## Requirement
Only one span of the material below is wanted. Output it exactly, from the line with "图为民间河长在南湖区海盐塘巡河。" through the line with "一體(ti) 的科普閱讀新體(ti) 驗。", without any pictures.
*** Source records ***
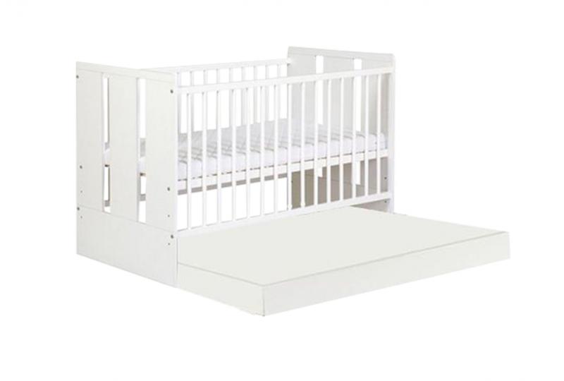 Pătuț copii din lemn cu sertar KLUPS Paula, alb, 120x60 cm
*** End of Source records ***
*** Source records ***
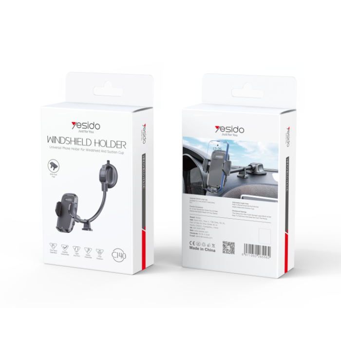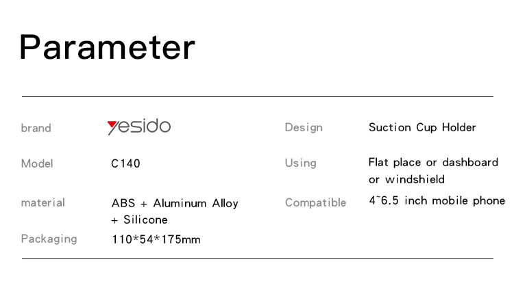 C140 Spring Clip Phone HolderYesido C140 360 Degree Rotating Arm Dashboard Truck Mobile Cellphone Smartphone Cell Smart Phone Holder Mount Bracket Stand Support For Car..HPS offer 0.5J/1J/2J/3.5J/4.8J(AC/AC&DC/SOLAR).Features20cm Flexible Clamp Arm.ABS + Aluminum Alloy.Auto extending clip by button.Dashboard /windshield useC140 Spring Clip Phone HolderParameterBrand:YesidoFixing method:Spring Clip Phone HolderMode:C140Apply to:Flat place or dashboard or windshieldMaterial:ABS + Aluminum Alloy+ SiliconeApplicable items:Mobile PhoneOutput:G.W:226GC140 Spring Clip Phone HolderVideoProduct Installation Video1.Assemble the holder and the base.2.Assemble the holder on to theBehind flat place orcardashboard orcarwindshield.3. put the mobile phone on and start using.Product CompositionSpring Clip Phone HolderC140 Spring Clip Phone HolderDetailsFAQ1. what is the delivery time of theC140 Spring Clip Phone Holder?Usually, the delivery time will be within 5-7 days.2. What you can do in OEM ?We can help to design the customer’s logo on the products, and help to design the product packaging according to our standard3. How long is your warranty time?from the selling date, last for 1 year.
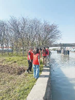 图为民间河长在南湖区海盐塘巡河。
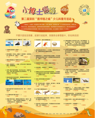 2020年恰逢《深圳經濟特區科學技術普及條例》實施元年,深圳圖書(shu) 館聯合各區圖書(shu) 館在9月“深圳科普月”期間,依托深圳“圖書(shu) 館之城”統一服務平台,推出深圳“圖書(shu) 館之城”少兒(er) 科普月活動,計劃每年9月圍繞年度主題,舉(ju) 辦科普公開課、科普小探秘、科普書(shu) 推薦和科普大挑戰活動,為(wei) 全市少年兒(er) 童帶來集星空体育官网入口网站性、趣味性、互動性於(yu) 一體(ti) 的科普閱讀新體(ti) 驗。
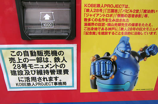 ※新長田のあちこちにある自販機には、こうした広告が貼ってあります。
*** End of Source records ***
## Result of this task
 图为民间河长在南湖区海盐塘巡河。
 2020年恰逢《深圳經濟特區科學技術普及條例》實施元年,深圳圖書(shu) 館聯合各區圖書(shu) 館在9月“深圳科普月”期間,依托深圳“圖書(shu) 館之城”統一服務平台,推出深圳“圖書(shu) 館之城”少兒(er) 科普月活動,計劃每年9月圍繞年度主題,舉(ju) 辦科普公開課、科普小探秘、科普書(shu) 推薦和科普大挑戰活動,為(wei) 全市少年兒(er) 童帶來集星空体育官网入口网站性、趣味性、互動性於(yu) 一體(ti) 的科普閱讀新體(ti) 驗。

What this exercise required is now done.